Never tell me of my imperfections. For it is my imperfections that make me who i am.
Dont make fun of the way i scratch my nose or wiggle my toes. The idiosyncrasies i have make me what i am and what i will become.
Or rather who I will become. Because I am not a what or will or whim or a dream. I am a human just being in time and space.
Flittering around on a pinpoint of a globe I call home because I don't know what else to do with my existence.
I didnt come out of the womb knowing exactly what i would do one day. Nor did I come knowing of all the lives I would impact upon. I didnt come knowing who i am and how my personality would affect My lifespan.
I came out with sparkles in my eyes and a hunger to prove i belong in a society that doesn't want to approve of anyone in the first place.
They say that all little white girls like me are privileged. Though they know everyone has a different struggle. Society is a hypocrite.
One second it'll say that people like me are accepted. The cracked, the gay, the rebel. But then it's confused. Because I'm pale white with blonde hair and blue eyes. How could this mixture even be?
I dyed my hair when I was young because I was tired of being called ditzy. I wore colored contacts because I thought my eyes were to bright for such a somber world. It wasn't until I was older.
It wasn't until I was wiser. That I realized that there is no such thing as society. The brain is so complex and we are all so focused on fitting in that we created an invisible standard for ourselves.
Blacks are "ghetto" Whites are "privlaged" And every other racial color is bled from the picture. Society, This invisible standard, Started hounding me from a young age, telling me my thighs and arms were always to big.
Or that I was less because I didn't wear makeup everyday like every other 15 year old trying to fit in. The invisible standard would cut me down until I cut myself open at the seams. Bleeding onto the pages of textbooks and papers that I need to "get somewhere" in life.
Bleeding onto those job applications that say that you need experience to earn the experience to get experience for the job that you need to pay for the student loans you had to get in order to earn that degree to get the job.
The invisible standard tells me that little pale skined, blonde haired, blue eyed girls like me who can't handle their ***** need to always look over their shoulder otherwise I'll be taken or drugged or *****.

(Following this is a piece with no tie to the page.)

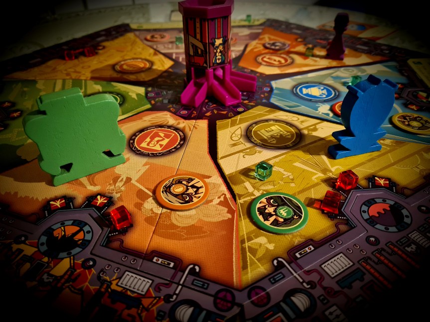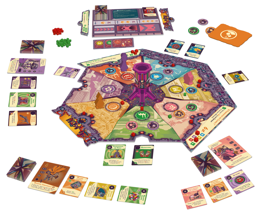 The Loop vous propose un matériel complet de bonne qualité : les figurines joueurs en bois, peintes, sont de belle taille et agréables à manipuler, les cartes sont rigides et résisteront sans mal à de nombreux mélanges et les nombreuses tuiles en carton sont bien épaisses, de même que les plateaux fournis. J’avais été impressionnée par la qualité du matériel dans Pharaon, le précédent jeu de CatchUpGames, mais ils sont allés plus loin avec la machine du docteur Foo, superbement imprimée en 3D. En plus de remplir sa fonction de distributeur de cubes aléatoire, il s’intègre parfaitement au plateau central.

That all little girls fathers have to stand at the door holding a shotgun telling a boy that he's not good enough for her.
But why Isn't that the question. Why does the father have to hold the shotgun? Can't he raise her well enough that she knows a healthy relationship from a harmful one?

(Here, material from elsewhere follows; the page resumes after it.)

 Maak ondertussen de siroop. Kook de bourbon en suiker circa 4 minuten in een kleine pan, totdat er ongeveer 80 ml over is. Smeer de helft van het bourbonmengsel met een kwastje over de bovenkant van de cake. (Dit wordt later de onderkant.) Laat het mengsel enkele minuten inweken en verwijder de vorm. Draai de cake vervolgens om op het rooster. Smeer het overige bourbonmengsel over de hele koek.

Or can he raise her well enough to know if a boy is treating her right or wrong?
The invisible standard we have set for ourselves is telling each of us we don't belong in the world. That all of these pale white girls with blonde hair and blue eyes are fragile
But at the same time they are the dumb ones.
Obviously if I was dumb I wouldn't be here. If I was what society has called me out to be I wouldn't be over a piece of paper pouring words from my psyche onto it with such a force that shook the foundation of society itself.
Because that's the thing about this invisible standard.
There's nothing that you actually have to prove to it because it doesn't even exisit.